Segment Open

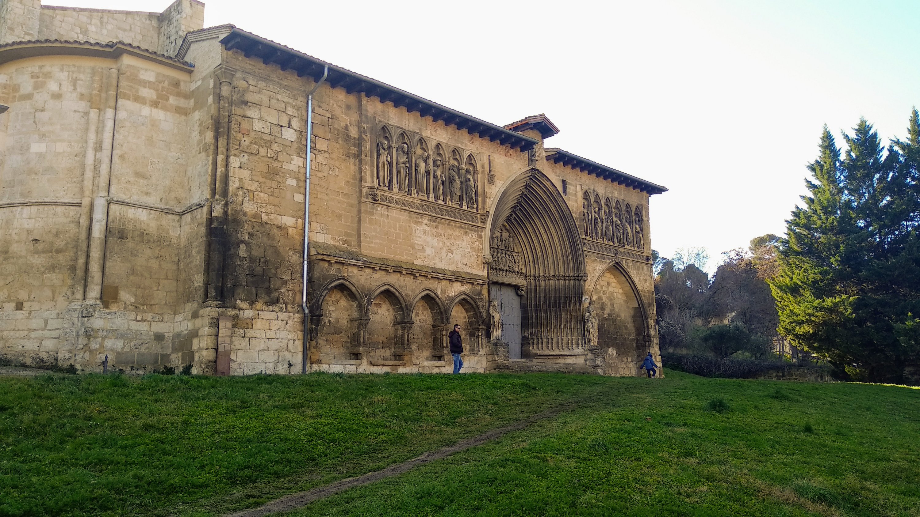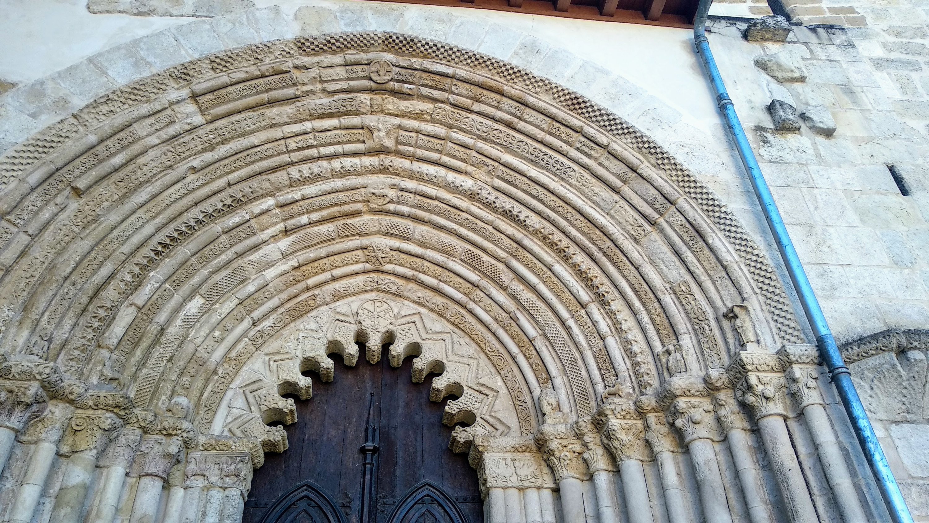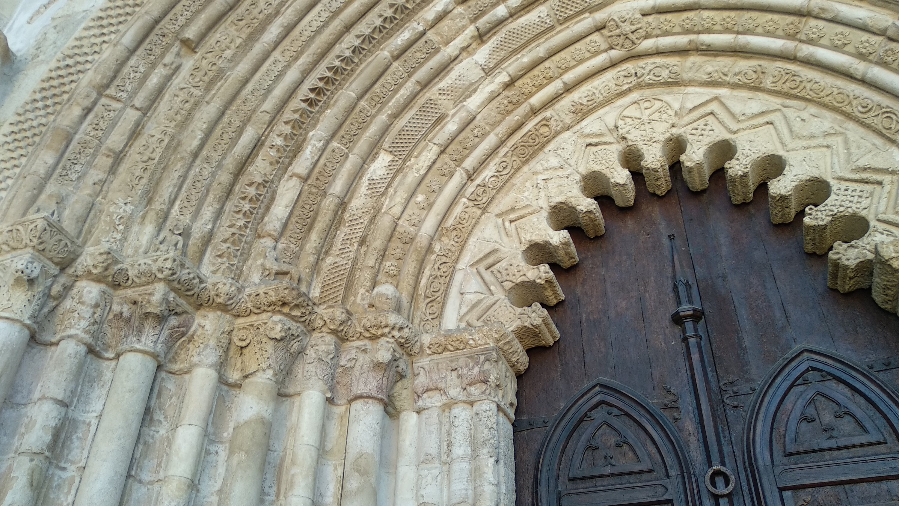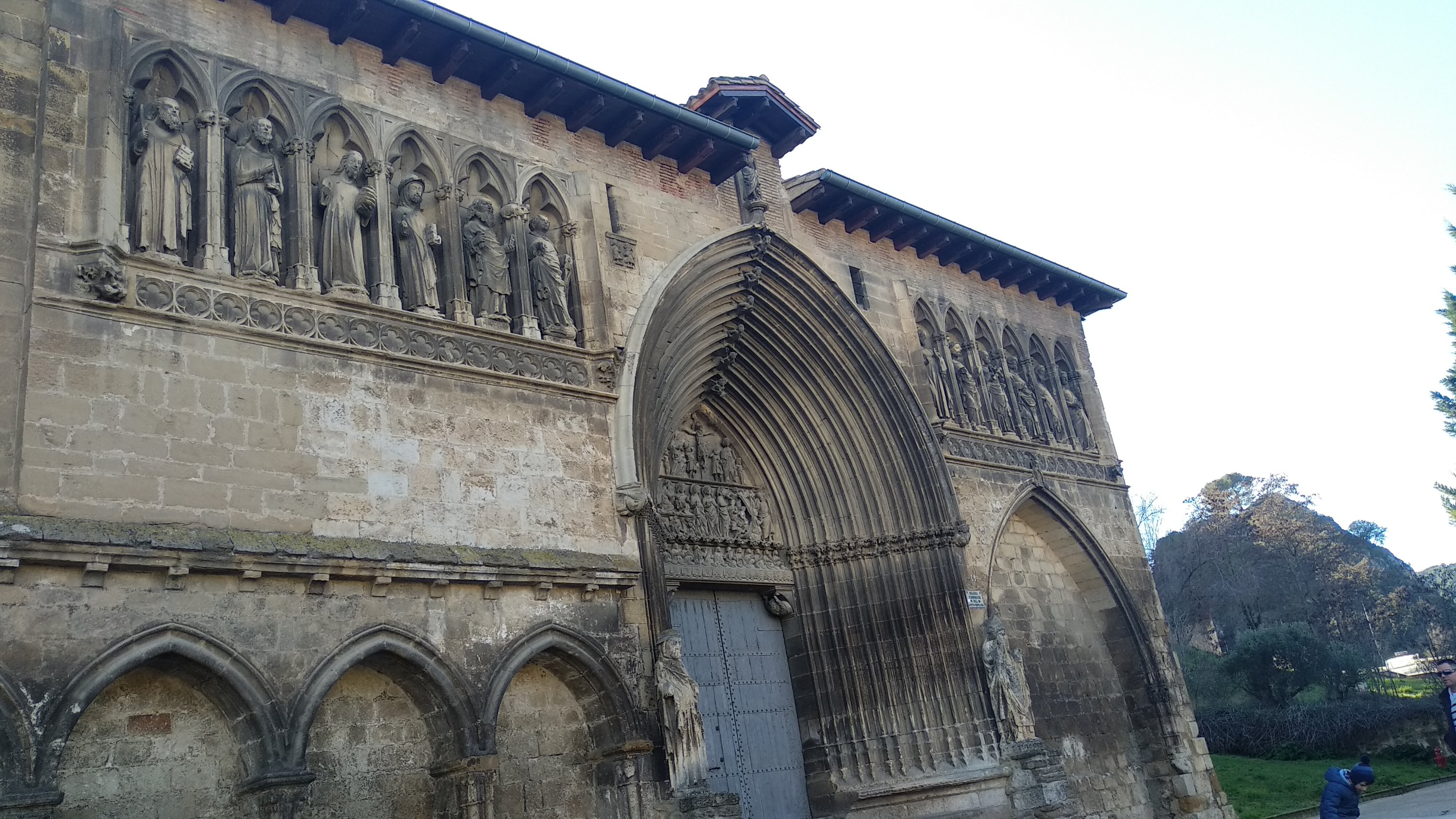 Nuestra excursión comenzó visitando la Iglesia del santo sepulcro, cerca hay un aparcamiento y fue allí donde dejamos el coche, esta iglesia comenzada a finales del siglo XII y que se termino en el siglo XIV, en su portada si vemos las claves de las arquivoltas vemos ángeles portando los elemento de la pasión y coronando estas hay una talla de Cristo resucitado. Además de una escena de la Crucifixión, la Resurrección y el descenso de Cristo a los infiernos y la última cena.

Segment Closed
Segment Open

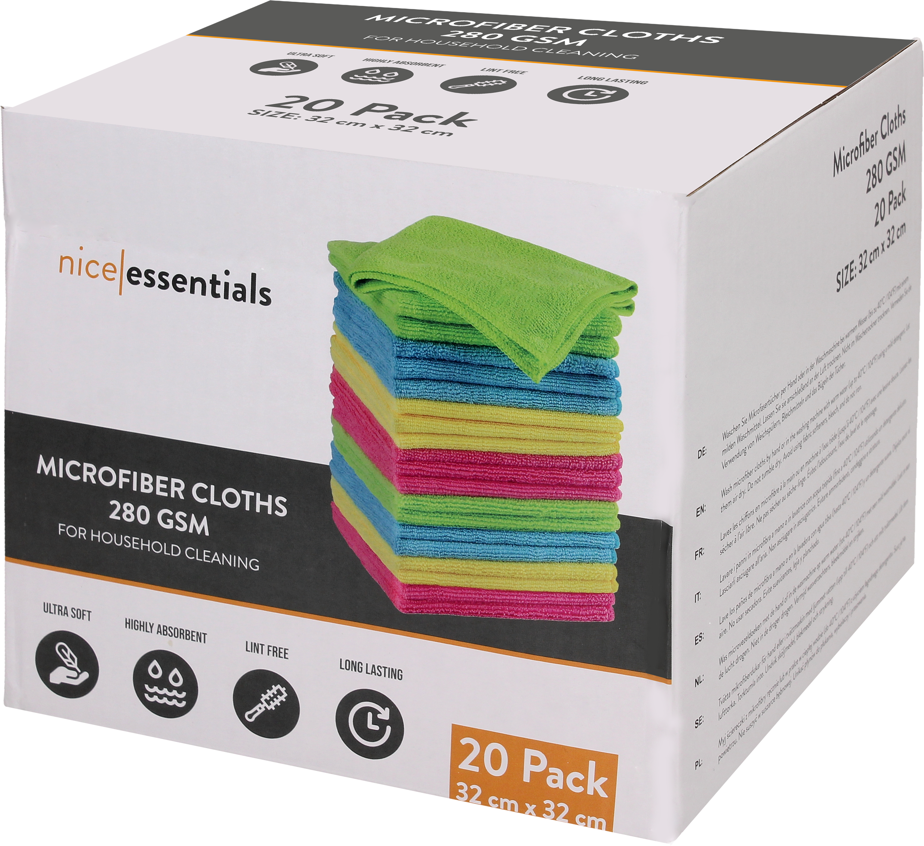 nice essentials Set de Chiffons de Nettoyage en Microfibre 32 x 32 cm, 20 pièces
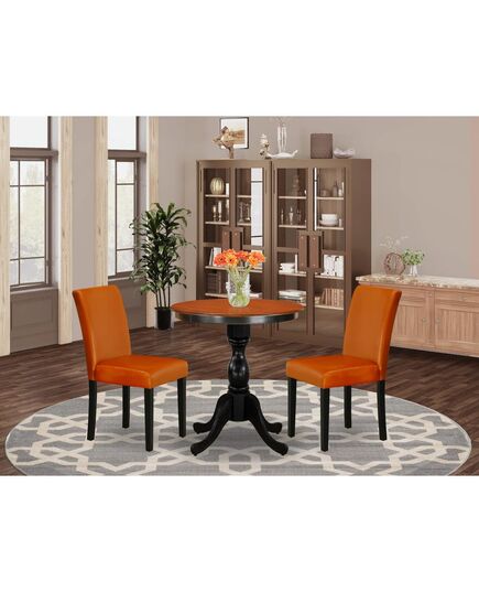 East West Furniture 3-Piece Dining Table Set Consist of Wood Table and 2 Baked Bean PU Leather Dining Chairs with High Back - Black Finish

Segment Closed

DIRECTIONS FOR THIS TASK:
Pictures excluded, transcribe the listing above exactly from the line with "nice essentials Set" through the line with "East West Furniture", and no further.

EXERCISE RESPONSE:
 nice essentials Set de Chiffons de Nettoyage en Microfibre 32 x 32 cm, 20 pièces
 East West Furniture 3-Piece Dining Table Set Consist of Wood Table and 2 Baked Bean PU Leather Dining Chairs with High Back - Black Finish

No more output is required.